▶ [Source records]
▼

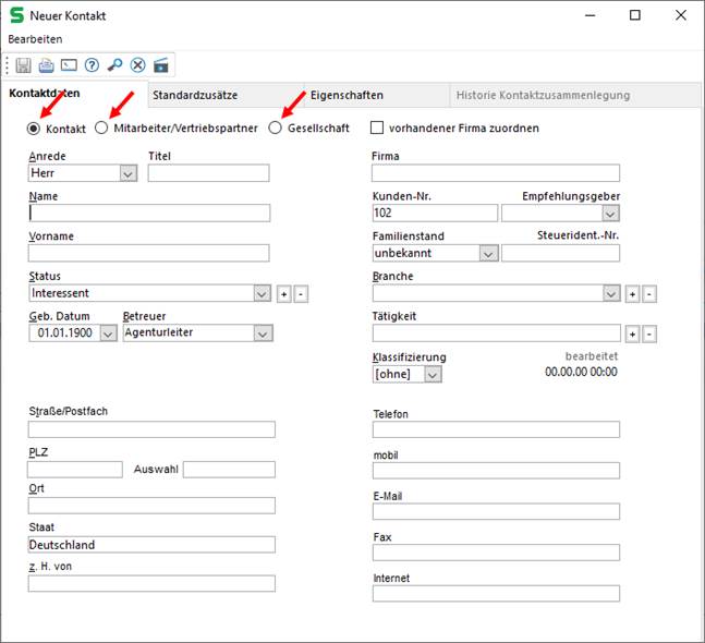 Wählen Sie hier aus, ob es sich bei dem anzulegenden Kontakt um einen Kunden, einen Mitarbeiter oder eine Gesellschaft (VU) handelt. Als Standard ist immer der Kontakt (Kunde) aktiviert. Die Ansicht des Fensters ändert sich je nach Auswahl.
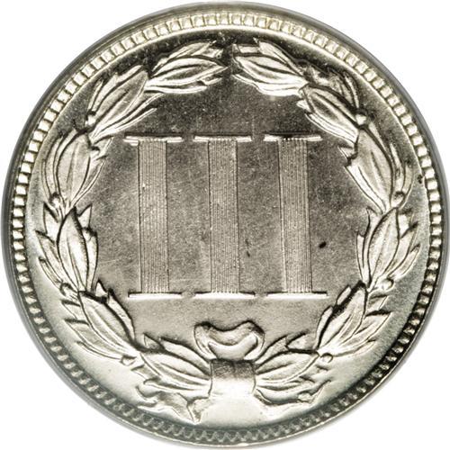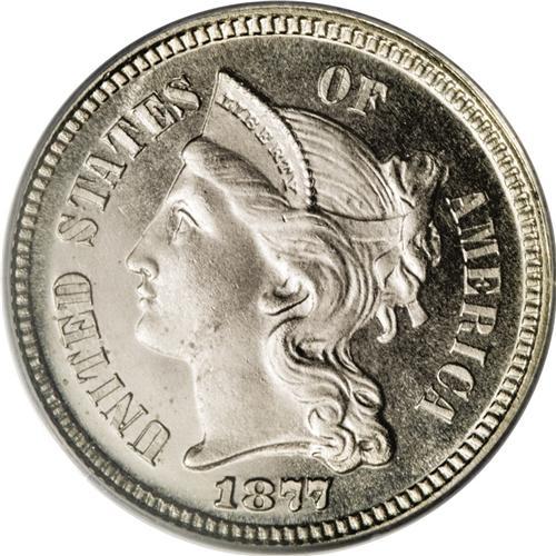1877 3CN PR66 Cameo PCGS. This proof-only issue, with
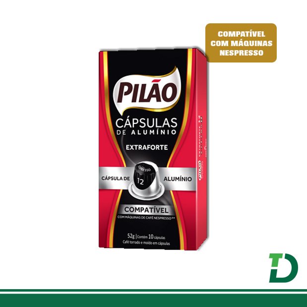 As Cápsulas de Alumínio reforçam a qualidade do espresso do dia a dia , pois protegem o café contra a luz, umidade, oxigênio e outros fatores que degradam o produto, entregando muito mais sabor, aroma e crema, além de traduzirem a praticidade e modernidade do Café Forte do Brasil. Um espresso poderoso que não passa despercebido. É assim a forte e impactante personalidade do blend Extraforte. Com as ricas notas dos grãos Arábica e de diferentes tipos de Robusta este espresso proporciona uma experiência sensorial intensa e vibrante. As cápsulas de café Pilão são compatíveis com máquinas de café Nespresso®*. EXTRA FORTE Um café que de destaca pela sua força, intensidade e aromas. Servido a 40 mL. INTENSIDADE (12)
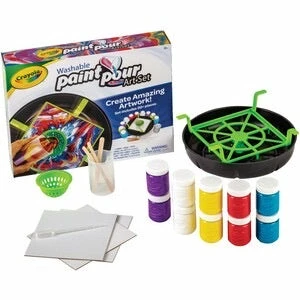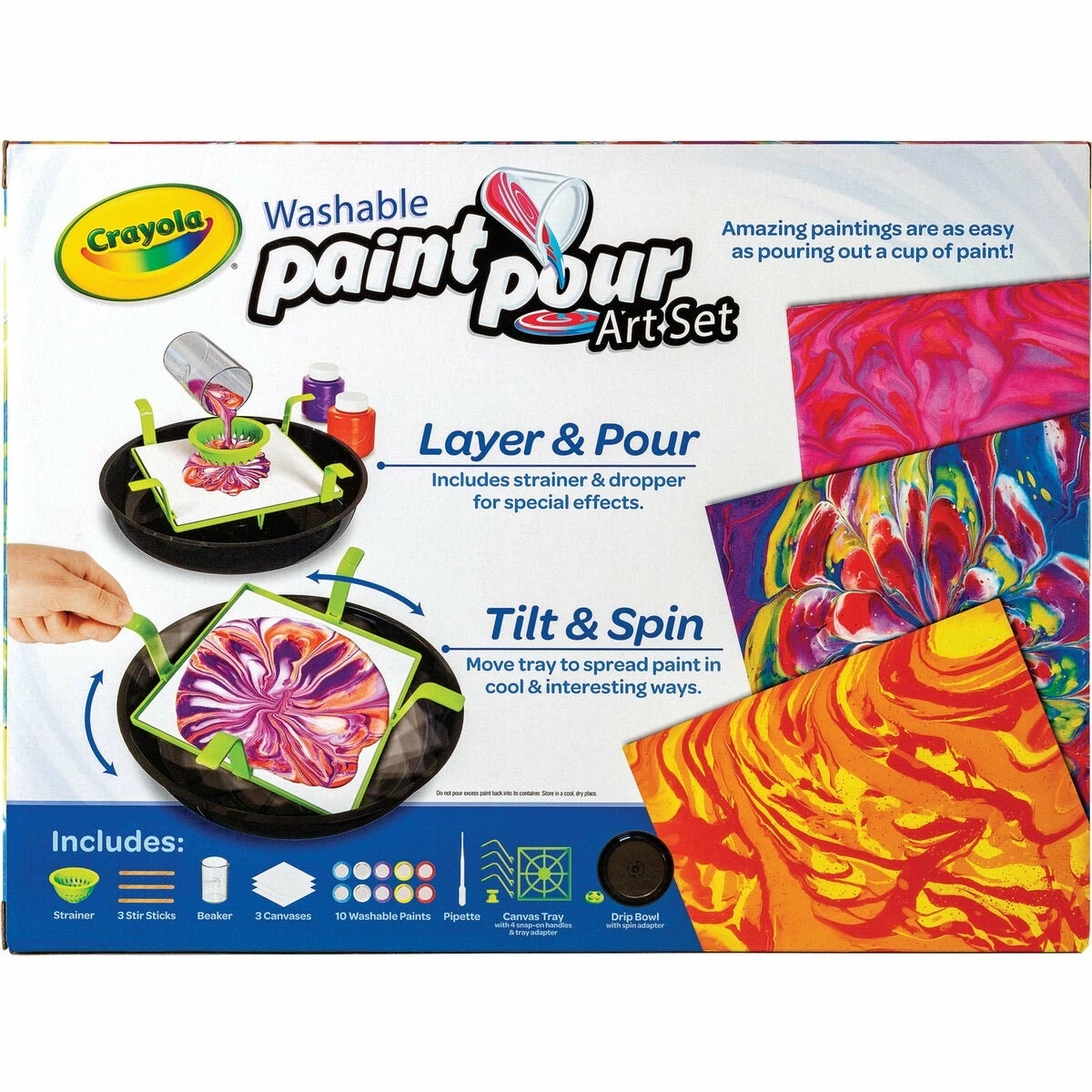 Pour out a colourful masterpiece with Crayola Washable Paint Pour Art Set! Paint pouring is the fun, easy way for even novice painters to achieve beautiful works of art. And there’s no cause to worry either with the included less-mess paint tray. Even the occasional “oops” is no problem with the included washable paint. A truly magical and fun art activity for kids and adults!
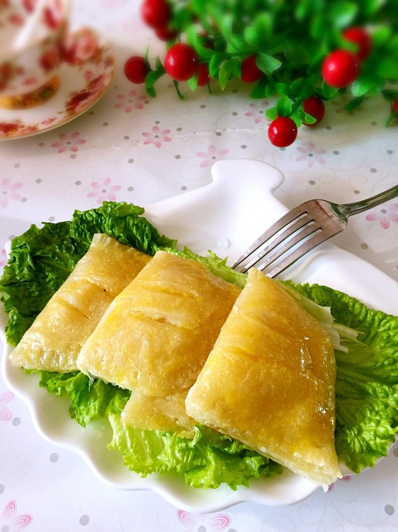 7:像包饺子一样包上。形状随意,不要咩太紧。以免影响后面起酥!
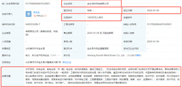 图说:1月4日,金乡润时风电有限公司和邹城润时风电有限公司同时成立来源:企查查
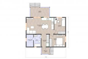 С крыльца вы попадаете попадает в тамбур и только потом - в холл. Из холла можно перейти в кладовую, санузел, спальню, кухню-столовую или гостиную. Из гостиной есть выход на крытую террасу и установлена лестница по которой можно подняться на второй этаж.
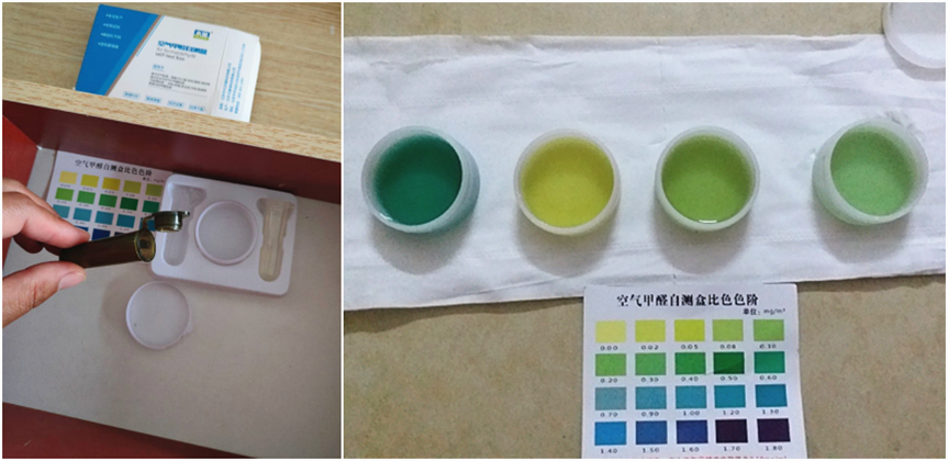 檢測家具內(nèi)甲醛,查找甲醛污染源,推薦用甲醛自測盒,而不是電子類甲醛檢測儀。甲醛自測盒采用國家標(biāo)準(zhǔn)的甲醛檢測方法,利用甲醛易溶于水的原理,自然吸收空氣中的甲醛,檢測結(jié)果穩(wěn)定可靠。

▲

▶ [WHAT THIS TASK INVOLVES] Restate the records above word for word, without the pictures.

▶ [RESULT OF THIS TASK]
 Wählen Sie hier aus, ob es sich bei dem anzulegenden Kontakt um einen Kunden, einen Mitarbeiter oder eine Gesellschaft (VU) handelt. Als Standard ist immer der Kontakt (Kunde) aktiviert. Die Ansicht des Fensters ändert sich je nach Auswahl.
1877 3CN PR66 Cameo PCGS. This proof-only issue, with
 As Cápsulas de Alumínio reforçam a qualidade do espresso do dia a dia , pois protegem o café contra a luz, umidade, oxigênio e outros fatores que degradam o produto, entregando muito mais sabor, aroma e crema, além de traduzirem a praticidade e modernidade do Café Forte do Brasil. Um espresso poderoso que não passa despercebido. É assim a forte e impactante personalidade do blend Extraforte. Com as ricas notas dos grãos Arábica e de diferentes tipos de Robusta este espresso proporciona uma experiência sensorial intensa e vibrante. As cápsulas de café Pilão são compatíveis com máquinas de café Nespresso®*. EXTRA FORTE Um café que de destaca pela sua força, intensidade e aromas. Servido a 40 mL. INTENSIDADE (12)
 Pour out a colourful masterpiece with Crayola Washable Paint Pour Art Set! Paint pouring is the fun, easy way for even novice painters to achieve beautiful works of art. And there’s no cause to worry either with the included less-mess paint tray. Even the occasional “oops” is no problem with the included washable paint. A truly magical and fun art activity for kids and adults!
 7:像包饺子一样包上。形状随意,不要咩太紧。以免影响后面起酥!
 图说:1月4日,金乡润时风电有限公司和邹城润时风电有限公司同时成立来源:企查查
 С крыльца вы попадаете попадает в тамбур и только потом - в холл. Из холла можно перейти в кладовую, санузел, спальню, кухню-столовую или гостиную. Из гостиной есть выход на крытую террасу и установлена лестница по которой можно подняться на второй этаж.
 檢測家具內(nèi)甲醛,查找甲醛污染源,推薦用甲醛自測盒,而不是電子類甲醛檢測儀。甲醛自測盒采用國家標(biāo)準(zhǔn)的甲醛檢測方法,利用甲醛易溶于水的原理,自然吸收空氣中的甲醛,檢測結(jié)果穩(wěn)定可靠。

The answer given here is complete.